The Secretary of State to the Consul General in Martinique (Malige)
3. The following is for your own strictly confidential information. You may wish to have a preliminary conversation with Lenoir66 upon his return now scheduled for January 10, before discussing the substance of this telegram with the High Commissioner.67
It must be obvious that Admiral Robert’s counter proposal68 is thoroughly unsatisfactory and we should not be prepared to accept it even as a basis of discussion.[Page 220]
During his visit to the United States Lenoir was fully and completely informed of the position of this Government of its proposal and of its relations with other parts of the French Empire. He has likewise had several conversations with General Giraud’s69 special mission now in Washington and was received by Admiral Horne.70 At the latter meeting Admiral Horne began by stating he had great admiration for Marshal Pétain71 and sympathy for the Marshal’s position but that it was clear no real government existed in Vichy any longer and that the Marshal being a virtual prisoner of the Germans was no longer able to help the French Empire.
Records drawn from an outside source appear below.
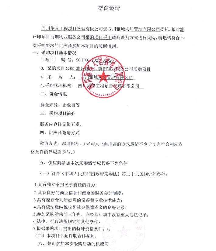 雅州印項目前期物業(yè)服務(wù)公司采購項目磋商邀請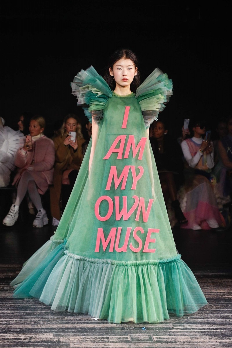 We are used to oversize tulle robes, especially from the luxury Italian brand Giambattista Valli, which is very accomplished in that direction, and it won’t be so easy for any competition! In the case of Viktor&Rolf we’re a bit on the uncomfortable side. If we omit the inscriptions, which really elicit the impression ‘I’m angry with everything and everyone, including myself’ we’re only left a few outfits, which balance on the border between luxury art, and punishment-worthy kitsch.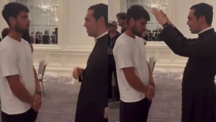 Carlos Alcaraz – chàng trai 22 tuổi người Tây Ban Nha, hiện là một trong những tay vợt hàng đầu thế giới – mới đây được nhìn thấy lãnh nhận phép lành từ một linh mục tại New York, ngay trước khi giải US Open khởi tranh.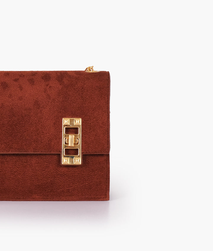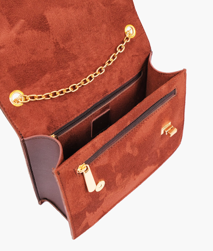RTW Creation - Dark brown suede chain shoulder bag with twist lock

In the circumstances lie said that communications between Martinique and Vichy would have to cease. He then said that we were willing to deal with Admiral Robert on either of two bases (1) as a person who collaborates with the French Army now fighting the Axis in North Africa or (2) as a “quasi independent” agent in the French possessions. He said that we do not believe in threats but that we have reached a point where something must be done and that the collaboration of Admiral Robert with us is essential. In reply to a question Admiral Horne outlined the situation of French warships at Dakar and Alexandria. Formal assurances were given to Lenoir that the United States had no designs with respect to French sovereignty in the Antilles and Guiana and that the French flag would continue to fly. It was also added that whereas no useful purpose could be served by discussing details regarding the protection to be afforded French ships at this time it was nevertheless our definite intention to do our utmost to see that French possessions received the supplies needed.
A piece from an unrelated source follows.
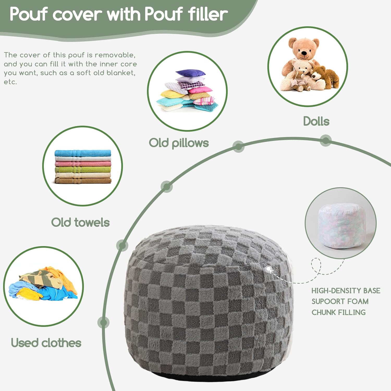 - For convenience and ease of use, this pouf ottoman comes pre-filled with memory foam chunk pouf filler, which can be easily inserted through the large round opening on the bottom with double zippers.

Whereas Admiral Robert’s indication that convoying of his ships could now be envisaged as representing a step in the right direction we feel no useful purpose will be served by discussing any such details as contained in your no. 8 of January 5, 6 p.m.72
Lenoir is likewise fully informed regarding the Board of Economic Warfare’s proposal to reclassify the French possessions for the purposes of export control. Further details will be furnished you as soon as practicable.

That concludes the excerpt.